Das ganze Universum in den zehn Richtungen ist der ganze Körper des Mönchs.
Das ganze Universum in den zehn Richtungen ist die strahlende Klarheit des Selbst.“

Nach der alten indischen Lehre besaßen das Universum und die Welt zehn konkrete Himmelsrichtungen. Sie stehen für ein ganz konkretes, realitätsnahes Bewusstsein und Verhalten in dieser Welt und im Universum. Mit dem Auge sind die sinnliche Wahrnehmung und vor allem das Sehen angesprochen. In der zweiten Zeile geht es um die klare und eindeutige Sprache der Buddhisten, die eine Verwirklichung der Welt und des Universums als Realität ist. Die Sprache und das Reden sind dabei keine Schein-Wirklichkeiten, die den Zuhörern vorgegaukelt werden und den Bezug zur Wirklichkeit und ethischen Klarheit verloren haben.

In der dritten Zeile geht es um die Form und den Körper, die ebenfalls zur leuchtenden Klarheit gehören. Ein abgehobener, angeblich klarer Geist, der ohne Körper auskommt, wird damit kategorisch ausgeschlossen. Wer intuitive Klarheit besitzt, hat auch eine klare Körperlichkeit und klare Gefühle: der Körper wird im Buddhismus nicht abgewertet.

In der letzten Zeile führt Meister Keichin das Selbst des Menschen auf, das sich radikal von einem abgegrenzten Ego des Egoisten unterscheidet, denn dieses hat weder die Klarheit über sich selbst, noch über die Welt oder über andere Menschen. Besonders ehrgeizige Ziele des Egoisten führen häufig dazu, dass der Mensch sich geistig verbarrikadiert und den realen Bezug zu anderen Menschen, zur Umwelt und zu sich selbst verliert. Dies kann bei Egoisten für die Dominanz des eigenen Körpers der Fall sein, zum Beispiel wegen dessen angeblicher oder wirklicher Schönheit oder Attraktivität. Es kann sich auch um geistigen Hochmut oder angebliche rhetorische Überlegenheit handeln. Für Egoisten gibt es kein offenes Selbst, das die eigenen engen Grenzen überschreitet und die Dualität von Subjekt und Objekt auflöst.

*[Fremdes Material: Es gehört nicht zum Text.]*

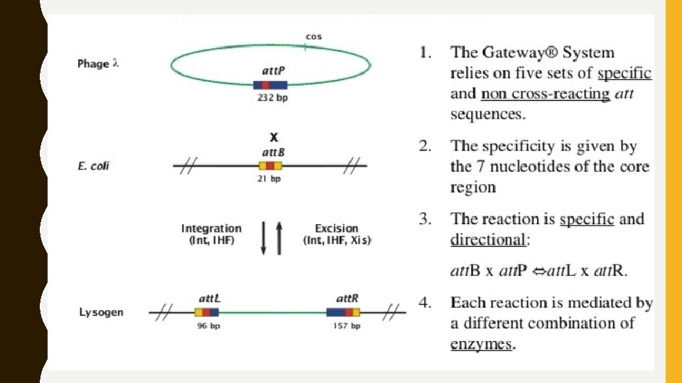• Phage lambda is a bacteriophage or phage, i. e. bacterial virus, that uses E. coli as host. • • Its structure is that of a typical phage: head, tail fibres. • • Lambda viral genome: 48. 5 kb linear DNA with a 12 base ss. DNA "sticky end" at both ends; these ends are complementary in sequence and can hybridize to each other (this is the cos site: cohesive ends). • • Infection: lambda tail fibres adsorb to a cell surface receptor, the tail contracts, and the DNA is injected. • • The DNA circularizes at the cos site, and lambda begins its life cycle in the E. coli host.
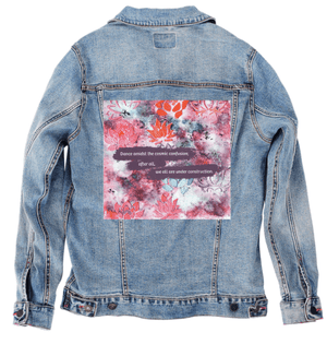 JUST DANCE by CANVAS and QUOTATIONS, digitally printed on a hand-made Denim Jacket with 3 color choices: Stonewash, White, or Black. Unisex XS S M L XL 2X 3X.

Die zehn Himmelsrichtungen werden in diesem Gedicht mit diesem offenen Selbst in strahlender Klarheit gleichgesetzt. Das wahre Selbst hat die Trennung von Subjekt und Objekt überwunden und sich zum ganzen Universum hin geöffnet. Es bildet eine großartige Einheit mit ihm. Bei dieser Öffnung entsteht laut Meister Keichin die strahlende Klarheit. Dieses so verstandene Selbst ist in allen Menschen ausnahmslos vorhanden und wirksam, es ist die Buddha-Natur.

Genau in diesem Sinne verstehe ich die häufig missverstandene Ich-Losigkeit, die im Buddhismus gelehrt wird. Es ist unsinnig zu behaupten, dass die Wirklichkeit des Körpers, der Gefühle und des Handelns nicht vorhanden wäre. Entscheidend ist, ob es sich um ein unklares und daher abgegrenztes Ego handelt, also um einen mehr oder weniger krankhaften Ich-Bezug und die übertriebene Zentrierung auf sich selbst.

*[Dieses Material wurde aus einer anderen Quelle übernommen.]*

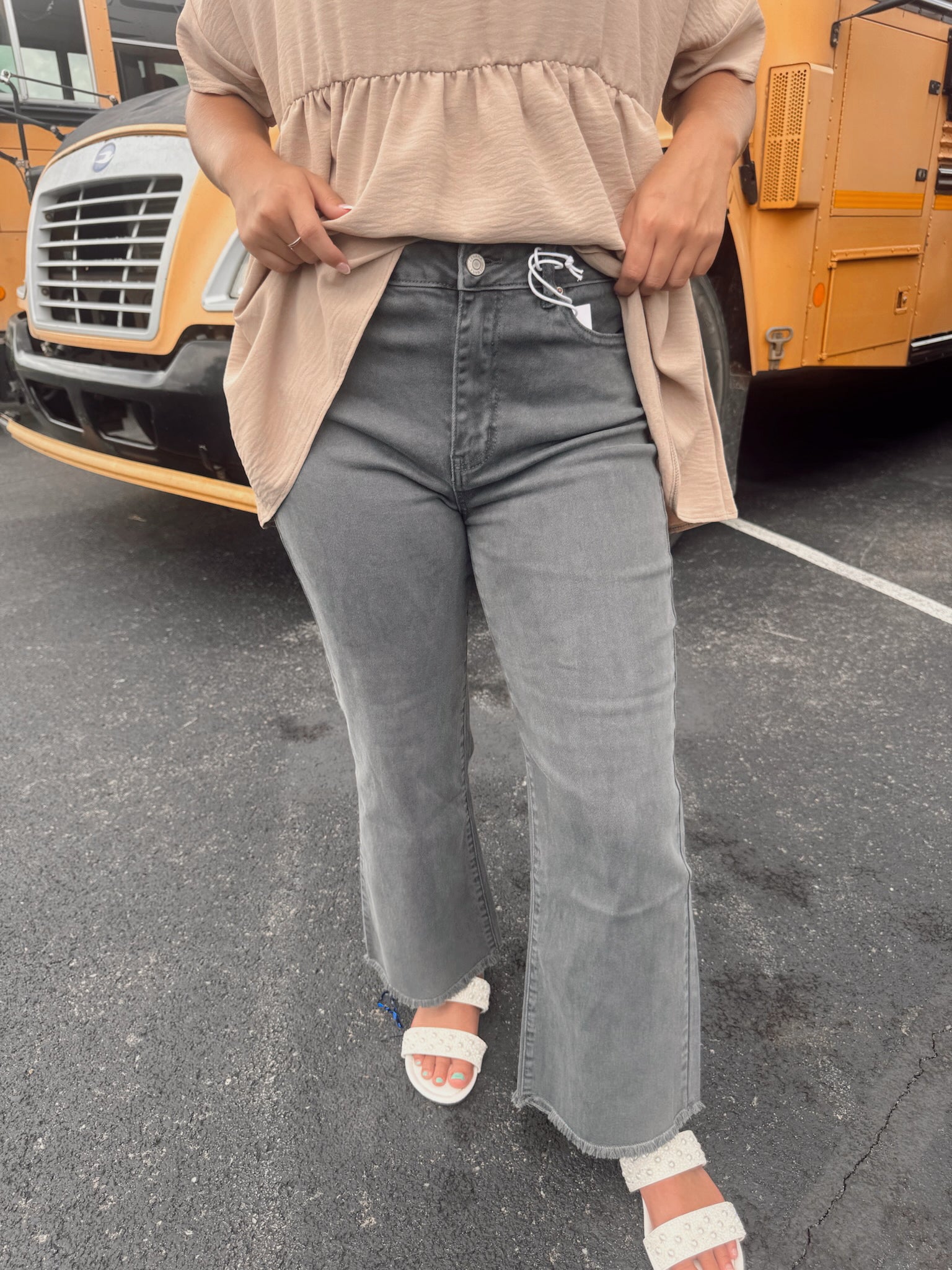 Becky Acid Wash Denim Cropped Jeans - Ash Black

Das ist das Gegenteil eines offenen Selbst, das Joanna Macy aufgrund ihrer langen Erfahrungen im Umgang mit vielfältigen und nicht zuletzt psychischen Leiden ihrer Schülerinnen und Schüler beschreibt. Wer sich hinter seinen engen Ich-Grenzen verbarrikadiert, verliert seine Lebendigkeit, Kreativität und Lebensfreude – und die lebende Verbindung zur Umwelt sowie zu anderen Menschen.

Bei ihm gibt es kein Fließen mehr. In Bezug auf die Dynamik der Psyche möchte ich nach Freud hinzufügen, dass eine derartige Abgrenzung und Verdrängungsleistung erhebliche Energien des Menschen verbraucht, die dann für andere Aufgaben und Lebensbereiche nicht mehr zur Verfügung stehen.

Verdrängungen sind keine optimalen Lösungen psychischer Probleme; sie ermöglichen zwar ein minimales Überleben im Alltag, sind aber doch psychische Krankheiten  und müssen zum Beispiel zusammen mit einem Therapeuten aufgearbeitet werden. Nicht zuletzt blockieren sie die wichtigen Lernprozesse der verschieden Lebensphasen: Buddhas Achtfacher Pfad zur Überwindung des Leiden ist dann verschlossen.